▶ [Dataset records]
*-*-*
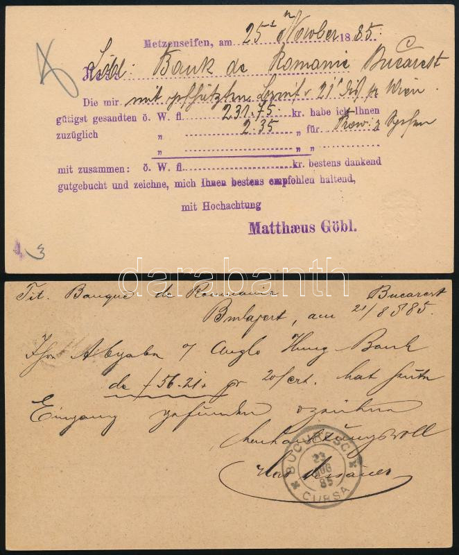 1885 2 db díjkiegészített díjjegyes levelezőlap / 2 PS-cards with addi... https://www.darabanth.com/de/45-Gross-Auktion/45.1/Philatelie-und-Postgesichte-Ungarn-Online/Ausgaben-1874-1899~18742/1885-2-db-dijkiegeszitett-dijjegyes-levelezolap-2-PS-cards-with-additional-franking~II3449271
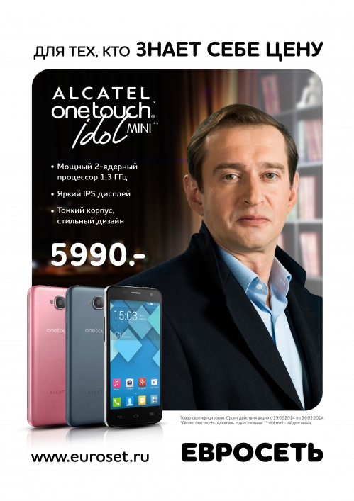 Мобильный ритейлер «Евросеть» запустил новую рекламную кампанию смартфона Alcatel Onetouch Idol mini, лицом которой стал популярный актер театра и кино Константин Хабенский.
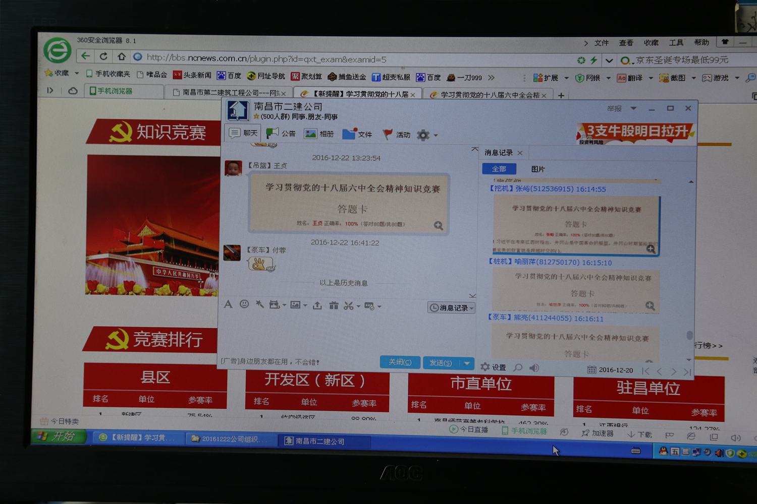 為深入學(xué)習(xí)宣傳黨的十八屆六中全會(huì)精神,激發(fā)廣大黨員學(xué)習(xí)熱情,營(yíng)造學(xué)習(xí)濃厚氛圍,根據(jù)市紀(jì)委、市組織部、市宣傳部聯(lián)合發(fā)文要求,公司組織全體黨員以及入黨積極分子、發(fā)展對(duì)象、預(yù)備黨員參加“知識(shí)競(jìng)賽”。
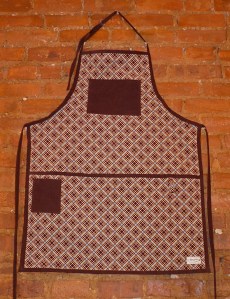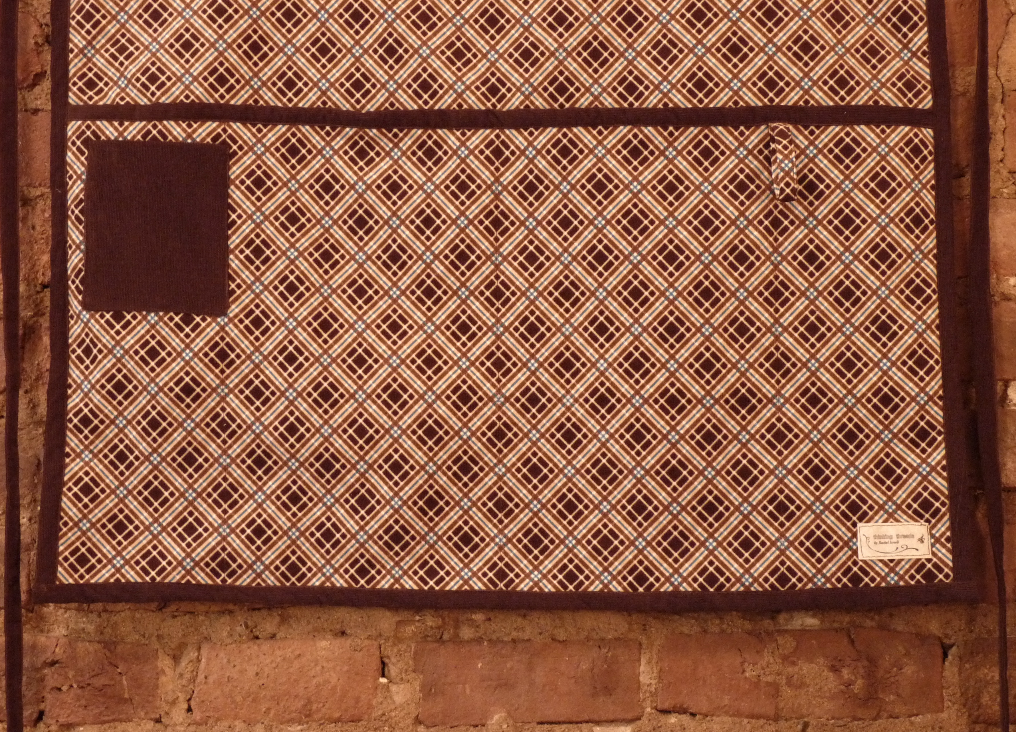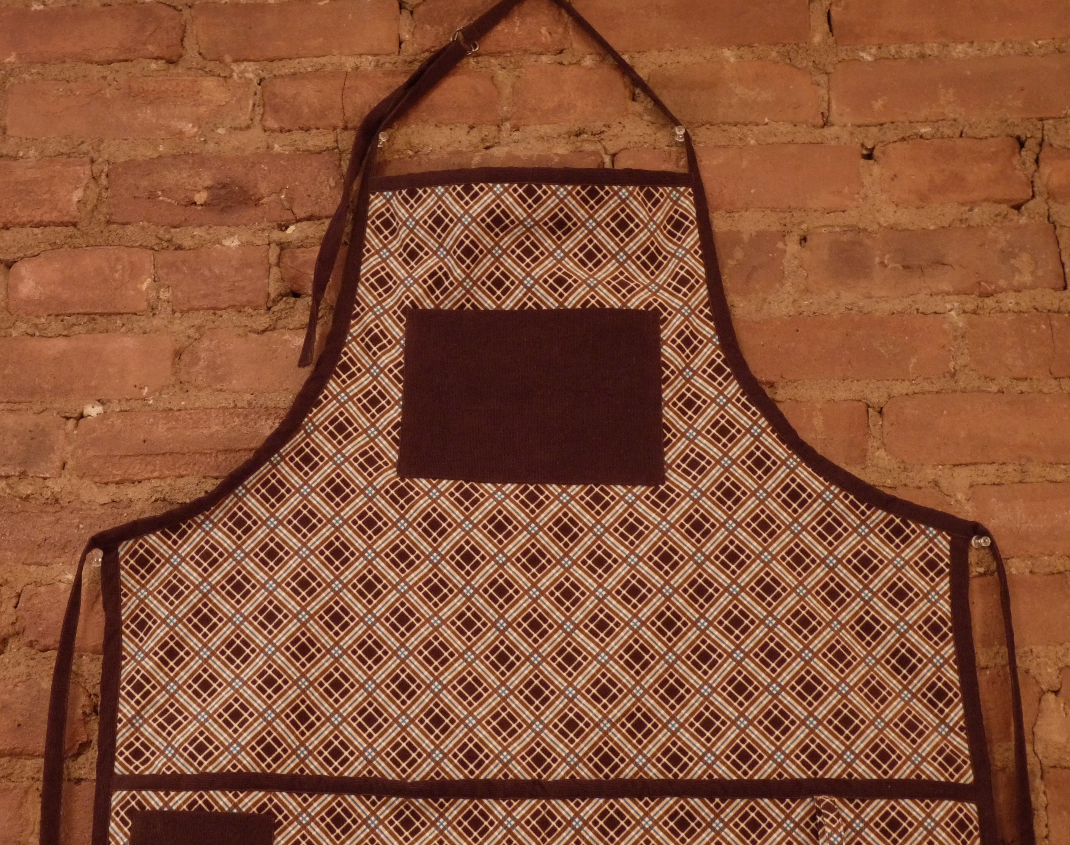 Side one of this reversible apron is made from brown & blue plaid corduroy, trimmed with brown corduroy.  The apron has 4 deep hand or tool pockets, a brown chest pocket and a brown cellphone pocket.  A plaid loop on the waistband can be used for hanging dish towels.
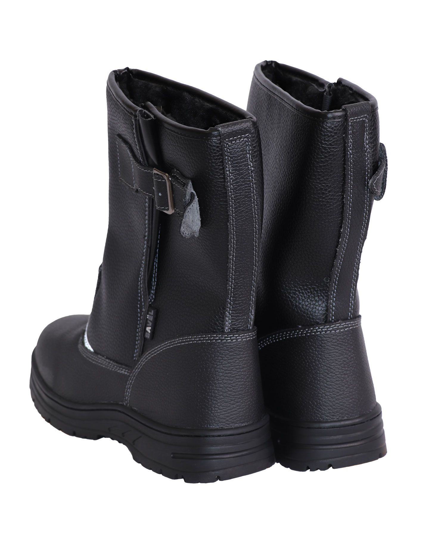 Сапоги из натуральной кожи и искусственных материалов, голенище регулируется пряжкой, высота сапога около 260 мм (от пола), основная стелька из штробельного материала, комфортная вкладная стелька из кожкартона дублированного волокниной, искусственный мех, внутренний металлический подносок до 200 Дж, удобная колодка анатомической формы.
*-*-*
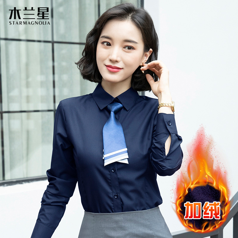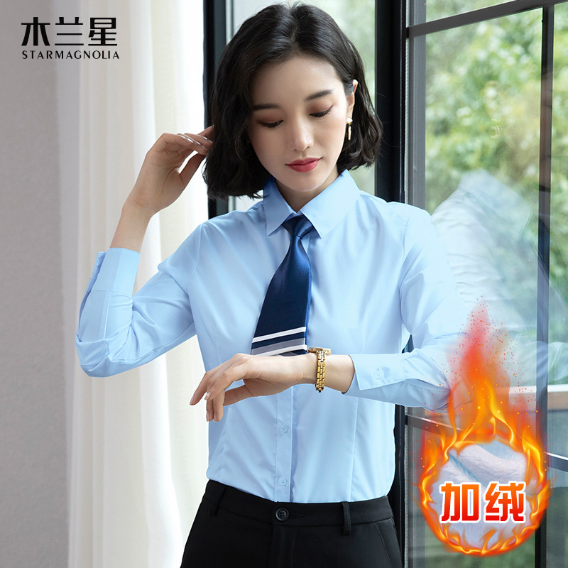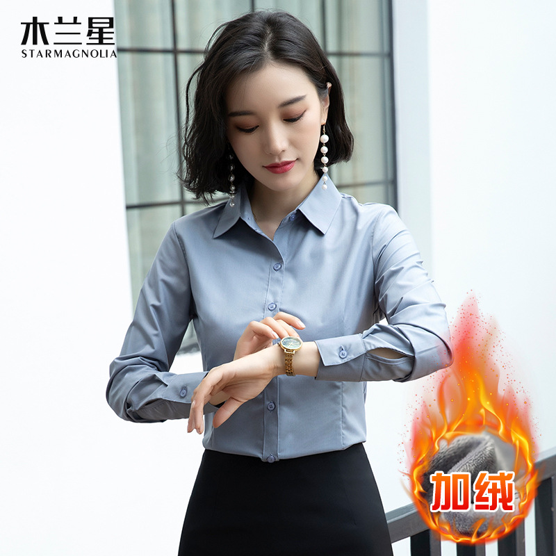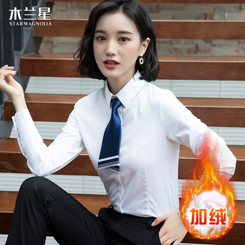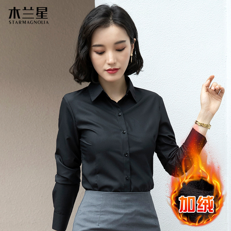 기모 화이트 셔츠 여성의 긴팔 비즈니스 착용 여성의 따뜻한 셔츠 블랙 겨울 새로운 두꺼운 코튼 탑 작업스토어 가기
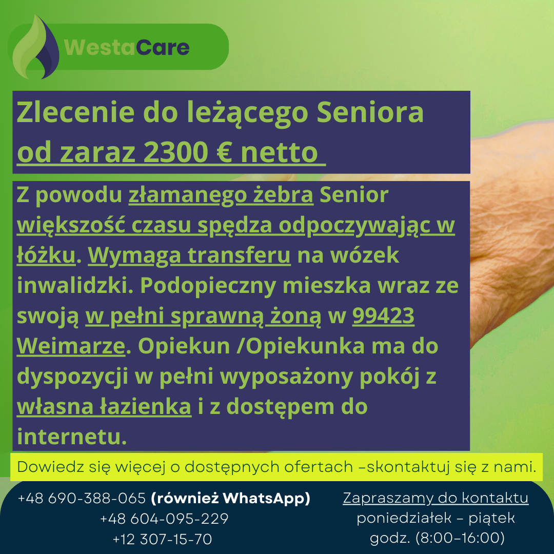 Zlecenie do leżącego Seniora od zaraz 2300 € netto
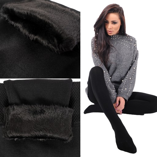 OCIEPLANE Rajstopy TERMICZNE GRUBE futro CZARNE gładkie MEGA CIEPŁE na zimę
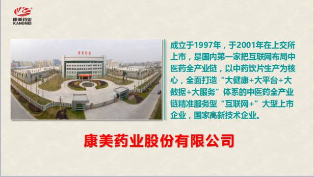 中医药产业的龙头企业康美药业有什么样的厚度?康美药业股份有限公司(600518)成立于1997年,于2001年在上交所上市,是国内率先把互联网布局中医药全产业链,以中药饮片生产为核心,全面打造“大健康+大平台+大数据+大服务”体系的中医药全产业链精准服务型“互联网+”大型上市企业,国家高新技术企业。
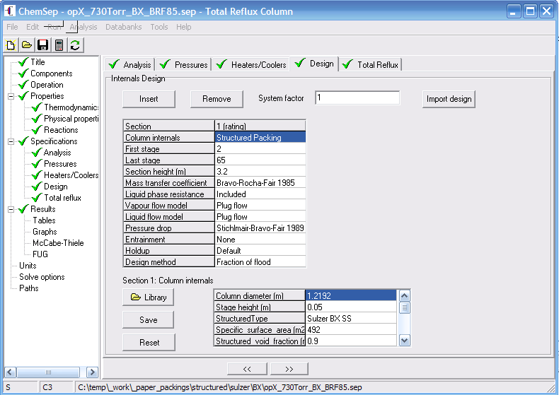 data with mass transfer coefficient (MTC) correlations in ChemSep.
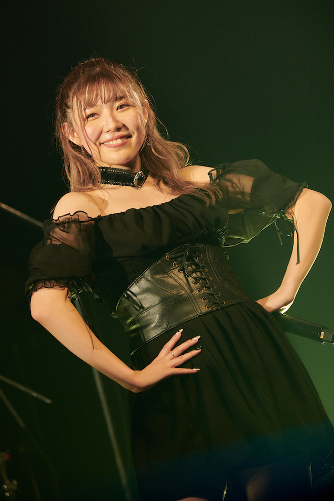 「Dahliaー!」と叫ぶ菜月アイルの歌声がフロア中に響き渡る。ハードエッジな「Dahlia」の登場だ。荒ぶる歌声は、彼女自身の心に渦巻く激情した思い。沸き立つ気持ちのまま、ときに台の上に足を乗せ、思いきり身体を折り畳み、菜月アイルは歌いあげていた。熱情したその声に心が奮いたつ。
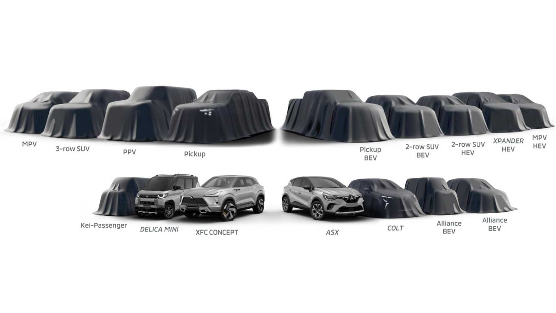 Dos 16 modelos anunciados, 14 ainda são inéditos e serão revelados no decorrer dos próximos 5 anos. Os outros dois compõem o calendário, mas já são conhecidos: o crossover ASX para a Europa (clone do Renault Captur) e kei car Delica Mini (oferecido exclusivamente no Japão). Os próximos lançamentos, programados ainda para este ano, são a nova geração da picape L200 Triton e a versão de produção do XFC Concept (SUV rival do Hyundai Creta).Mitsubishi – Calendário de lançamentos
*-*-*
Every line above from the one with "1885 2 db díjkiegészített" down to the one with "Сапоги из натуральной" must be written out exactly, and no picture may appear.

 1885 2 db díjkiegészített díjjegyes levelezőlap / 2 PS-cards with addi... https://www.darabanth.com/de/45-Gross-Auktion/45.1/Philatelie-und-Postgesichte-Ungarn-Online/Ausgaben-1874-1899~18742/1885-2-db-dijkiegeszitett-dijjegyes-levelezolap-2-PS-cards-with-additional-franking~II3449271
 Мобильный ритейлер «Евросеть» запустил новую рекламную кампанию смартфона Alcatel Onetouch Idol mini, лицом которой стал популярный актер театра и кино Константин Хабенский.
 為深入學(xué)習(xí)宣傳黨的十八屆六中全會(huì)精神,激發(fā)廣大黨員學(xué)習(xí)熱情,營(yíng)造學(xué)習(xí)濃厚氛圍,根據(jù)市紀(jì)委、市組織部、市宣傳部聯(lián)合發(fā)文要求,公司組織全體黨員以及入黨積極分子、發(fā)展對(duì)象、預(yù)備黨員參加“知識(shí)競(jìng)賽”。
 Side one of this reversible apron is made from brown & blue plaid corduroy, trimmed with brown corduroy.  The apron has 4 deep hand or tool pockets, a brown chest pocket and a brown cellphone pocket.  A plaid loop on the waistband can be used for hanging dish towels.
 Сапоги из натуральной кожи и искусственных материалов, голенище регулируется пряжкой, высота сапога около 260 мм (от пола), основная стелька из штробельного материала, комфортная вкладная стелька из кожкартона дублированного волокниной, искусственный мех, внутренний металлический подносок до 200 Дж, удобная колодка анатомической формы.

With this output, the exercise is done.